Think we've had the rocket london dealers question before ... Im not sure who does anymore ....

Agree with above BB would be a good trip to make


----------



## Daren

1) Get one - of your heart is set then get one. There is nothing to annoy - apart from the drip tray being on the small side but that's not an issue if you plumb it in.

2) Some say a the temperature control ability a PID brings is a waste of time on a HX machine and the benefits are only realised on dual boiler machines. I have never owned a PID machine so am not qualified to advise, but I can say the cooling flush routine on the Evo is simple and quick.

3) They will be the same high quality. Both are very capable of making milk drinks at the same time as espresso. The R58 is dual boiler, Evo is HX. Do some research into the differences between DB and HX and determine which suites your consumption best, then choose the machine.

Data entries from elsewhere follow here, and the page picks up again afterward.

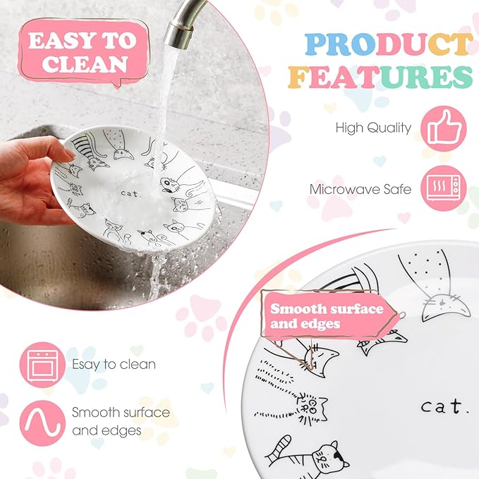 • Cute Patterns: cat dishes for food are ideal for feeding, decorated with cute cat patterns, adorable and classic, increasing the appetite of kittens, easy to clean, not leaving smell for next meal
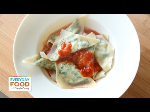 Kale and Ricotta Ravioli - Everyday Food with Sarah Carey - Kale Ravioli Recipe - I'm a big kale fan, and today I'm using this wonder vegetable to create super-simple homemade ravioli. My secret is to use premade wonton wrappers as the ...
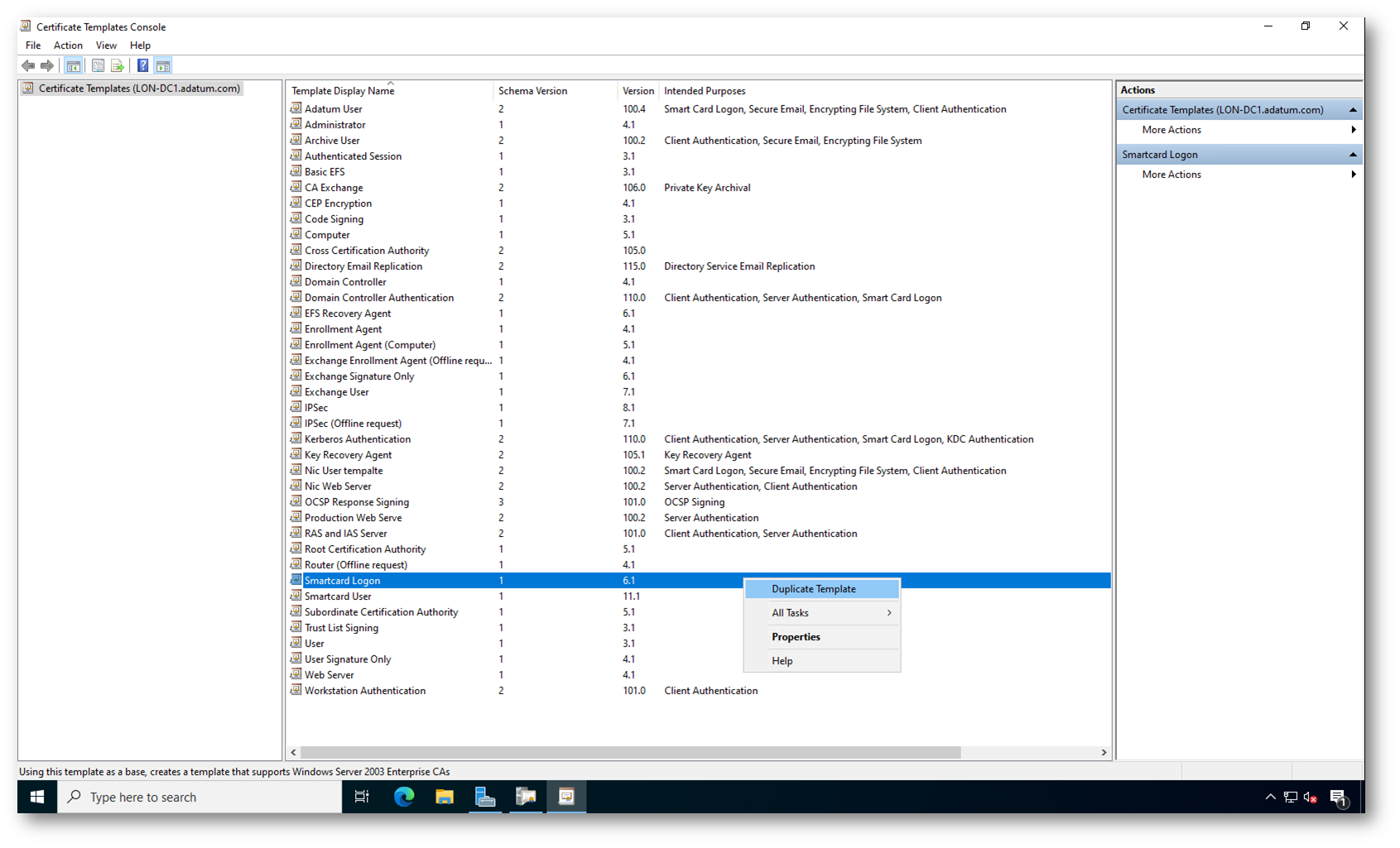 Fate quindi clic con il tasto destro su Smartcard Logon e selezionate Duplicate Template. Questa operazione apre la finestra di configurazione del nuovo template, che personalizzerete nei passaggi successivi.
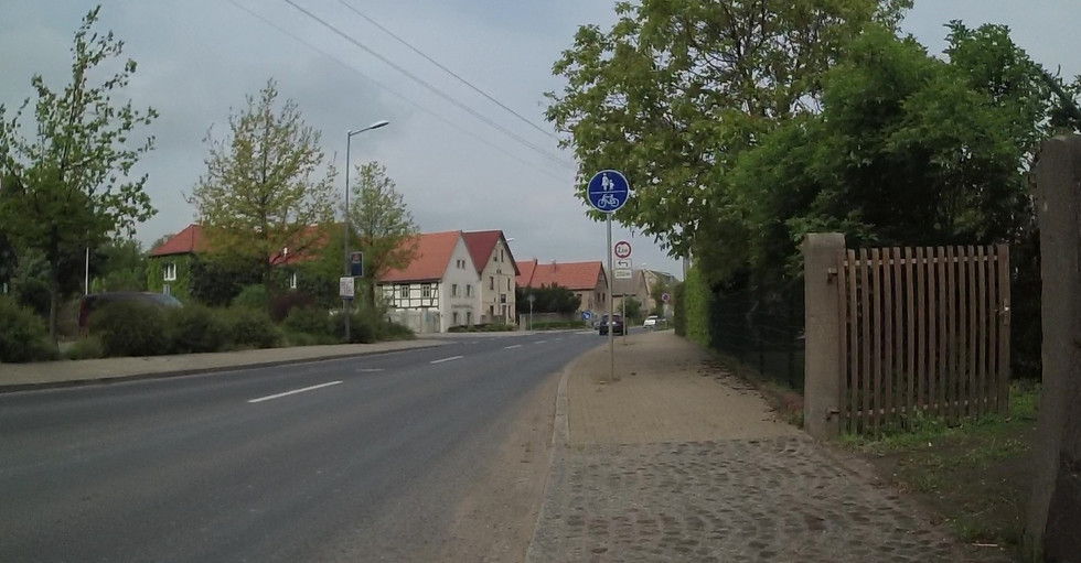 Der Radweg in Mutzchen ist ein bisschen schmal, aber man darf hier nicht wählerisch sein. Jedenfalls gibt es einen Radweg. Was aber noch geändert werden könnte und nicht viel kostet, ist das Ende. Wenn der Radweg abbiegt, sollte der Radfahrer sich gefahrlos in den Verkehr einordnen können.
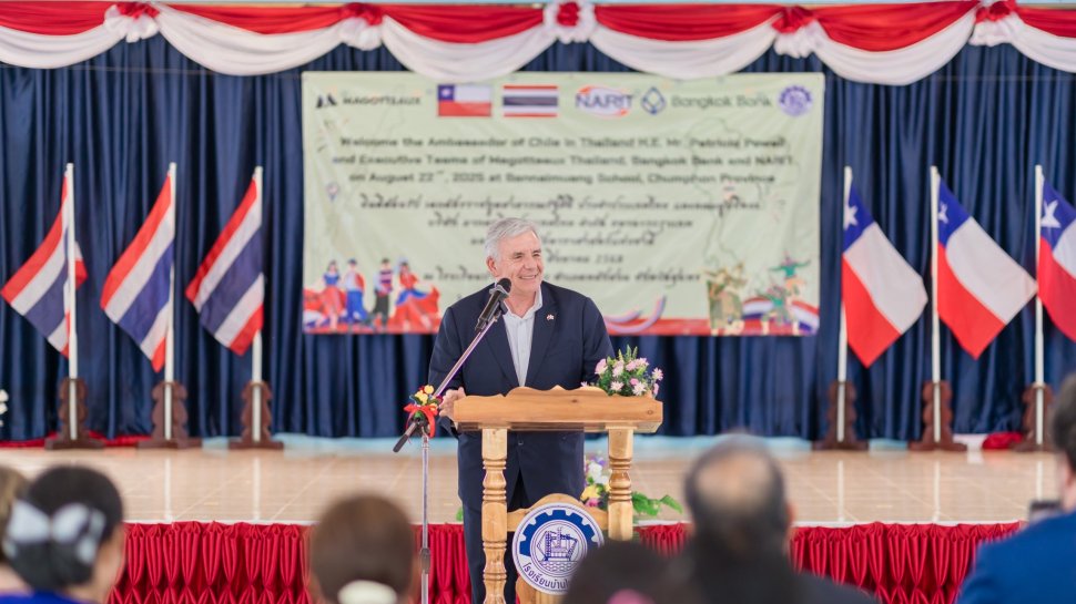El día viernes 22 de agosto el embajador de Chile en Tailandia, Patricio Powell, y el funcionario David Hansen viajaron a la provincia de Chumphon junto a representantes de la empresa Magotteaux, Bangkok Bank, y el Instituto Nacional de Investigación Astronómica de Tailandia (NARIT), con miras a entregar materiales escolares a sus estudiantes y participar de las actividades que su comunidad educativa organizó en torno a la relación Chile-Tailandia.
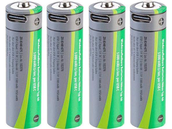 Kit de piles Li-Ion type AAA et AA, avec fonction de recharge USB-C à 24,99 €
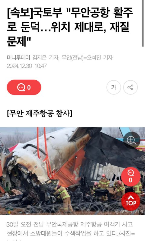 그래서 저 노란 동그라미 둔덕과 그위에 콘크리트벽이랑 그위에 설치된 로컬라이저에 부딪히면서 비행기 폭바됨.
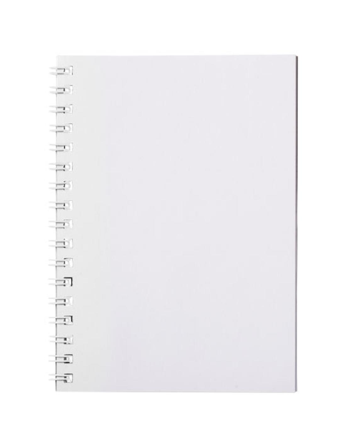 Cuaderno Desk-Mate® A6 con espiral. Incluye 50 hojas en blanco de papel de 80 g/m2, una cubierta frontal de cartulina brillante (250 g/m2) y una cubierta de polipropileno transparente de 450 micras. Espiral blanco o negro. Puede personalizar las páginas de este versátil cuaderno con cualquier diseño, por lo que si desea papel rayado, cuadrados o puntos, ¡todo es posible!
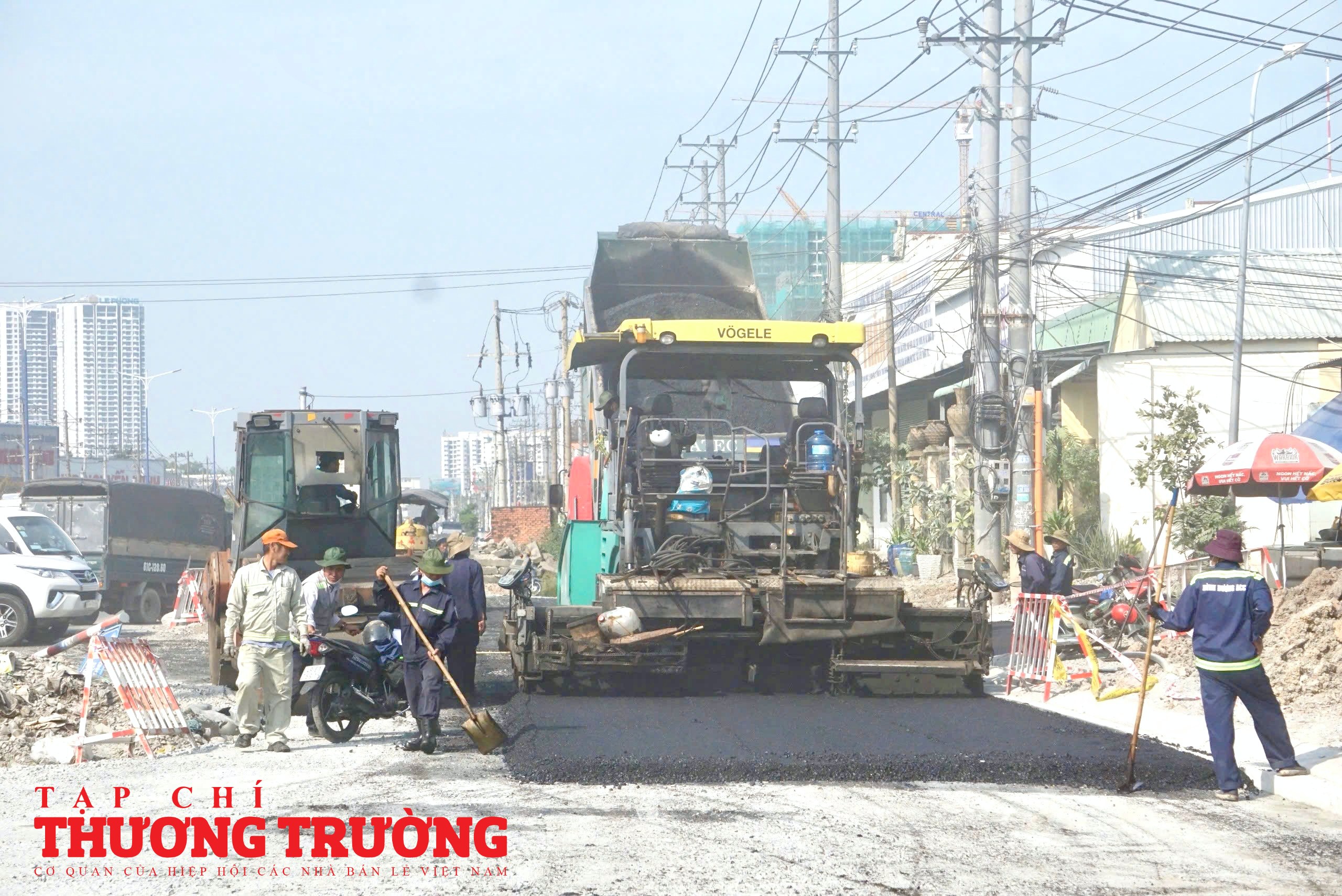 Trải nhựa mặt đường đoạn qua khu vực phường Lái Thiêu cũ.
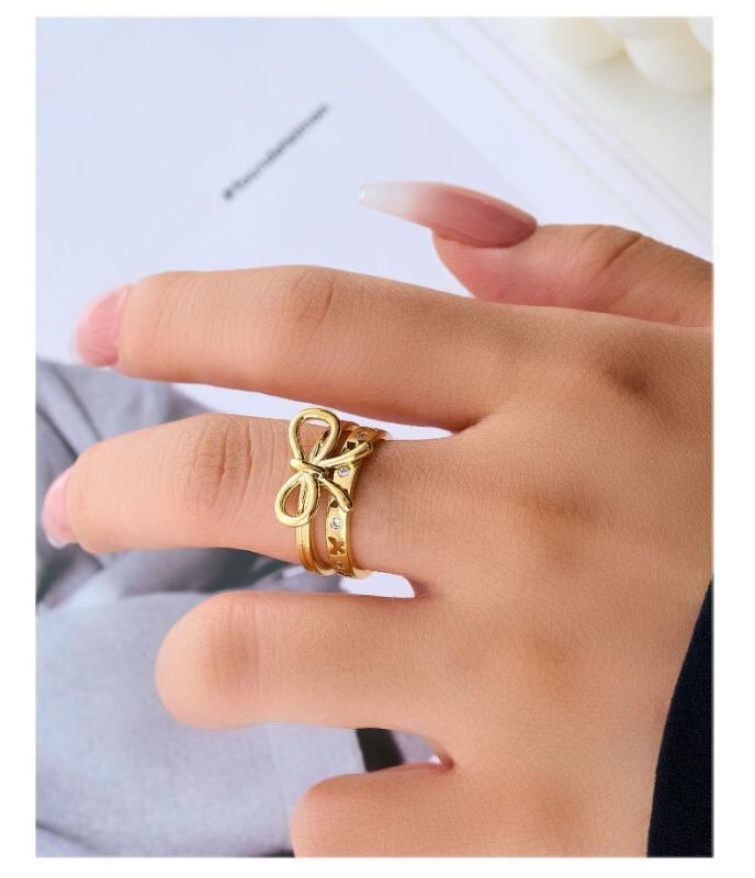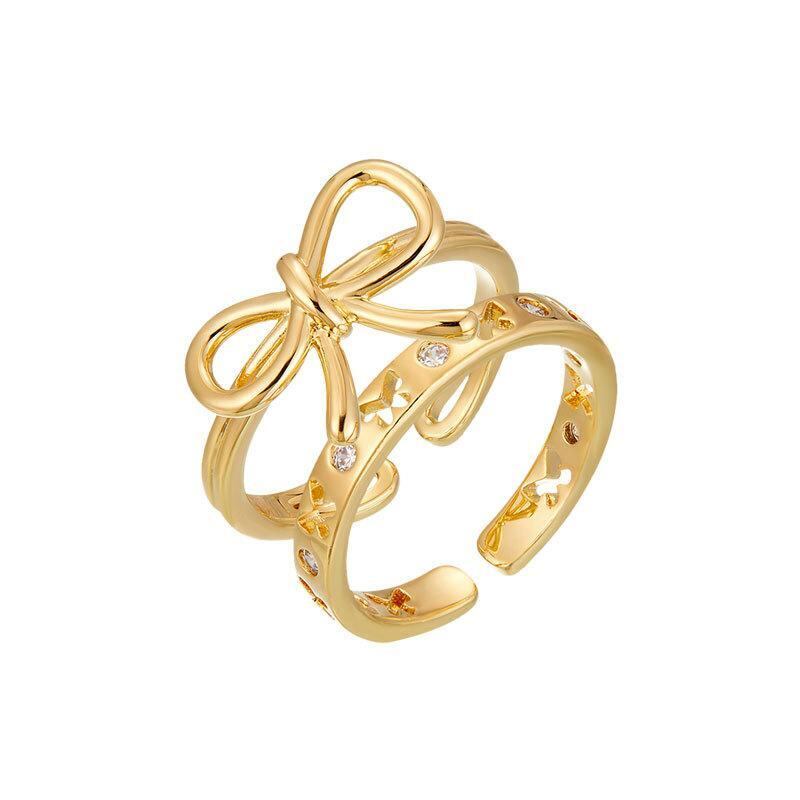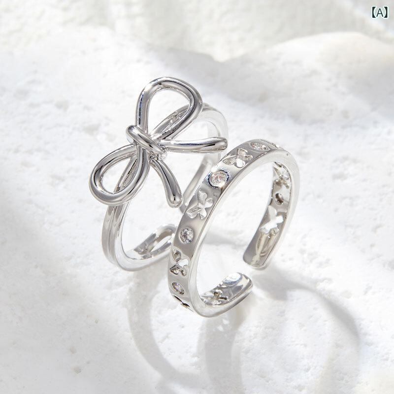 指輪 レディース リボン オープンリング フリーサイズ 調節可能 重ね付け 上品 清楚 フェミニン デイリーユース カジュアル ファッション 銅製 電気メッキ加工 秋冬

4) It will comfortably fit a 40cm counter. The front feet sit 7.5cms back from the front of the machine

5) Yes

6) The Mignon and Vario won't bring out the best of the Rockets abilities. Spend as much as you can afford - the grinders ability is as important (if not more so) than the coffee machine to creating good coffee. Your set-up will only be as good as it's weakest link.... In your case the grinder - in my case me









7) Jump in the car and head out to Bella Barista. You'll be able to play with all the Rockets, the grinders mentioned (plus better) and also see some other machines that are worthy of consideration.


----------



## Glenn

The UK distributor list is here


----------



## mremanxx

Don't get one for God's sake..............

Only make me bloody jealous. I was going to get the EVO but chickened out as new to this coffee lark and didn't want to run before walking etc.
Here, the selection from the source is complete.